While I missed the morning session due to having to get my UN pass, I heard that Cai Yiping from ISIS International presented extremely well. The morning panel allowed each [speaker] …to present the outcomes from their regional processes. Issues and recommendations from the Asia Pacific NGO Forum Declaration, presented to UNESCAP [United Nations Economic and Social Commission for Asia and the Pacific] in November, 2009 were shared… It is interesting to note that the Global NGO Forum attracted approximately the same number of women which attended the Asia Pacific NGO Forum - approximately 700 women.
It is at this juncture I will point out some of the practicalities of a forum with over 700 women in attendance. The forum was kindly supported by the Salvation Army who provided a free venue. Given that the balance between male and female was a little weighted towards female, some of the male toilets were given over to the women. Just imagine, in the breaks, the numbers waiting for the toilets….. While this is common practice in many establishments (a queue at the ladies room), these queues allowed an opportunity to meet and talk with women from many different countries and backgrounds. The conversation was stimulating and at times very funny… as women discussed the presence of queues at the ladies room in their own countries….! Little did we know that the queuing for the bathroom was merely a training ground for the next few days when many women would need to queue for up to 5 hours to get their passes into the United Nations building.

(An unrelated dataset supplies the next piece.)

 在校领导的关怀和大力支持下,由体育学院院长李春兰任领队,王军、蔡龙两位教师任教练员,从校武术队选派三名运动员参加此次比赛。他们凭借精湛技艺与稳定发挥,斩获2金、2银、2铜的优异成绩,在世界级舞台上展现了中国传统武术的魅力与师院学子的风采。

During the lunch period, regional meetings were held to compile once again summary information from NGO’s present on the challenges, needs and future actions on key issues in their region. These were later presented back to the audience in summary form.
The speakers in the afternoon panel brought informed insights into good practice examples for strengthening institutional mechanisms and addressing the issue of the world economic crisis.

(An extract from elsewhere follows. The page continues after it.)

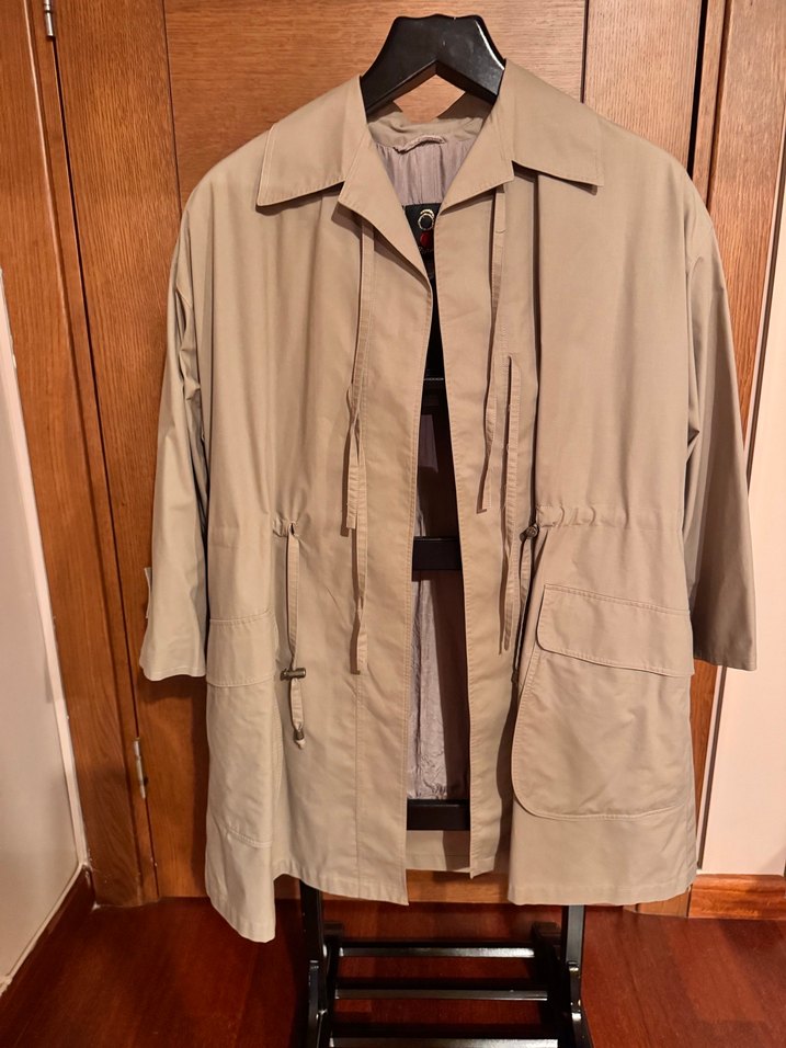 Bej midi uzunlukta kadın trençkot, kesik yakalı ve bel detaylıdır. Salaş kesimdir.Günlük sokak modasına uygun Paris tarzı. Tertemiz ürün fakat iç astarında hafif bir zedelenme olmuş fiyat ona göredir46-48 beden arasıdır

Following the panel, Lynn Nottage presented a section of her Broadway play “Ruined” - one girl’s story of rape and sexual slavery in the Congo, a reading that both shocked and angered the listeners…
As the end of the forum drew to a close special guests Rachel Mayanja, Special Adviser to the UN Secretary General on Gender Issues and Advancement of Women; Thoraya Obaid, Executive Director of the UNFPA [United Nations Population Fund], H.E. Mr Garen Nazarian, CSW Chair, and Gertrude Mongella, President of the Pan African Parliament (Tanzania) were invited to the podium to be presented with the Global call to action, a statement drawn from the issues of the women of the world and presented to this illustrious group.

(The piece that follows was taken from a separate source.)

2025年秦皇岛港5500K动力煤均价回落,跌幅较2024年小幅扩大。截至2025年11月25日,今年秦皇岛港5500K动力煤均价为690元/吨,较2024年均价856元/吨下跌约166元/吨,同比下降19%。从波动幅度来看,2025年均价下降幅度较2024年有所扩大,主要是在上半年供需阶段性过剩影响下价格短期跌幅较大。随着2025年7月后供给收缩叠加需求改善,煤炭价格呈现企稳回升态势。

There is no formal linkage between the Global NGO Forum and CSW 54, but in the acceptance of the call to action, each special guest spoke on the importance of NGO participation in the development of policy, and in keeping their governments accountable to the commitments made. (Video of the speeches can be found on the JERA International Face Book page and podcasting of all the four panels can be found at http://www.isiswomen.org/ the ISIS International web site.)
In the call to action, Pam Rajput shared with the Global NGO forum the initiative presented at the Asia Pacific NGO Forum where to support the GEAR entity, each woman puts one dollar into a fund that shows, as it grows, that governments need to take account of women and allow funding for women’s projects. As there are over 1 billion women in this world, this would soon reach proportions where governments and UN agencies would need to act and listen.
The session finished with a rendition of “We Shall Overcome” to new words. Conversations continued as women poured out of the auditorium and made their way to the subway and surrounding coffee shops.